Empresa defendeu que atua apenas como intermediadora dos serviços


MARCO QUINTANA/JC
Contrariando decisão da 5ª Turma do Tribunal Superior do Trabalho (TST), o juiz Átila da Rold Roesler, da 28ª Vara do Trabalho de Porto Alegre reconheceu o vínculo de emprego entre a Uber e um motorista e determinou que a empresa faça a anotação na carteira de trabalho e o recolhimentos de verbas trabalhistas e rescisórias.
Contrariando decisão da 5ª Turma do Tribunal Superior do Trabalho (TST), o juiz Átila da Rold Roesler, da 28ª Vara do Trabalho de Porto Alegre reconheceu o vínculo de emprego entre a Uber e um motorista e determinou que a empresa faça a anotação na carteira de trabalho e o recolhimentos de verbas trabalhistas e rescisórias.
Na ação, a empresa defendeu que atua apenas como intermediadora dos serviços e que não existe, na relação com os motoristas, os requisitos da relação de emprego, como subordinação, pessoalidade, onerosidade e não eventualidade.
O juiz que analisou o caso considerou que, diante da evolução nas relações de trabalho, há a necessidade de uma releitura dos parâmetros que definem o vínculo de emprego. "Para que não haja a exploração desenfreada da mão de obra sem qualquer proteção legal", afirmou Roesler.
Além da anotação em carteira e das verbas trabalhistas, ele também determinou que a Uber pague ao motorista indenização por danos morais, pelo não cumprimento de aviso prévio e dos pagamentos devidos.
A subordinação, um dos requisitos da relação de emprego, não pode ser descartadas, segundo o juiz da ação, apenas pela inexistência de uma jornada fixa ou de um número mínimo de atendimentos.
Para ele, o fato de a empresa fixar os valores das corridas, exigir contratação de seguros e definir o tipo de veículo são fatores que demonstram essa relação de subordinação.
A pontuação dos motoristas e a possibilidade de eles serem desligados caso sejam mal-avaliados também estão nesse enquadramento, na avaliação do juiz.
A pessoalidade, na qual o empregador contrata aquela pessoa (e não apenas um serviço, que poderia ser executado por qualquer um), também foi discutida na ação. O juiz considerou o depoimento de uma testemunha, que relatou o caráter individual da utilização da plataforma. Segundo essa testemunha, se fosse provado o uso do cadastro por outra pessoa, o motorista seria desligado.

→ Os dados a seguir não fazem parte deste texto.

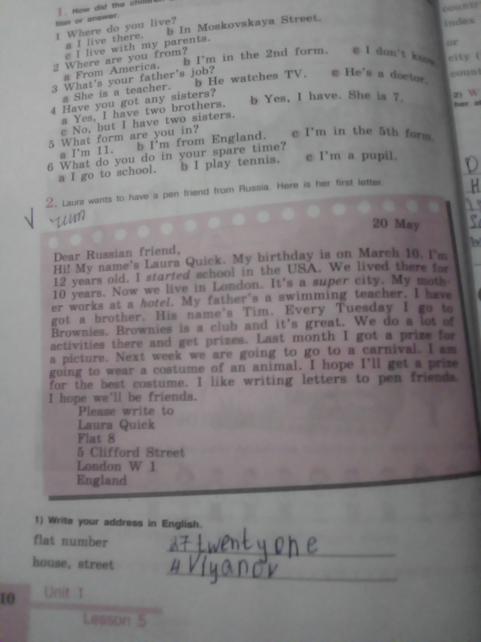 Уважаемый российский друг, привет! Меня зовут Лора Бек. Мой день рождения на Mareh 10 T 12 лет. Я начал учиться в США. Мы жили там годами. Теперь мы живем в Лондоне. Это супер-город. Моя моль работает в отеле. Мой отец учитель плавания. Я брат, его зовут Тим. Вторник I g Browni es. Домовые - это клуб, и это здорово. Мы проводим там много мероприятий и получаем призы. В прошлом месяце я получил приз за пирот. На следующей неделе мы отправимся на карнавал. Я должен носить костюм анимы для лучшего сотрудничества. Мне нравится писать письма в pen friemd l. Надеюсь, я получу награду, и мы будем друзьями. Пожалуйста, напишите Laura Quick Flat 8 5 Clifford Street London W I England

O motorista que ganhou a ação apresentou emails nos quais era cobrado pela empresa quando ficava alguns dias sem usar o sistema. Para Roesler, isso demonstra a não eventualidade, pois, a cobrança demonstra que o motorista não pode escolher ficar alguns dias sem trabalhar por meio do aplicativo.
A Uber informou que vai recorrer da decisão e disse que o entendimento é isolado, além de contrariar acórdão do TRT (Tribunal Regional do Trabalho) do Rio Grande do Sul.
"Os motoristas parceiros não são empregados e nem prestam serviço à Uber, eles são profissionais independentes que contratam a tecnologia de intermediação digital oferecida pela empresa por meio do aplicativo", diz a empresa.
No início de fevereiro, a 5º Turma do TST considerou que a flexibilidade do trabalho impedia o enquadramento tradicional de vínculo de emprego.
O ministro Douglas Alencar, relator do caso, afirmou, no julgamento, que "essa nova realidade de emprego" não pode ser enquadrada no conceitos clássicos de funcionário e empregador, mas que é necessário haver uma legislação que garanta proteção social a esses trabalhadores.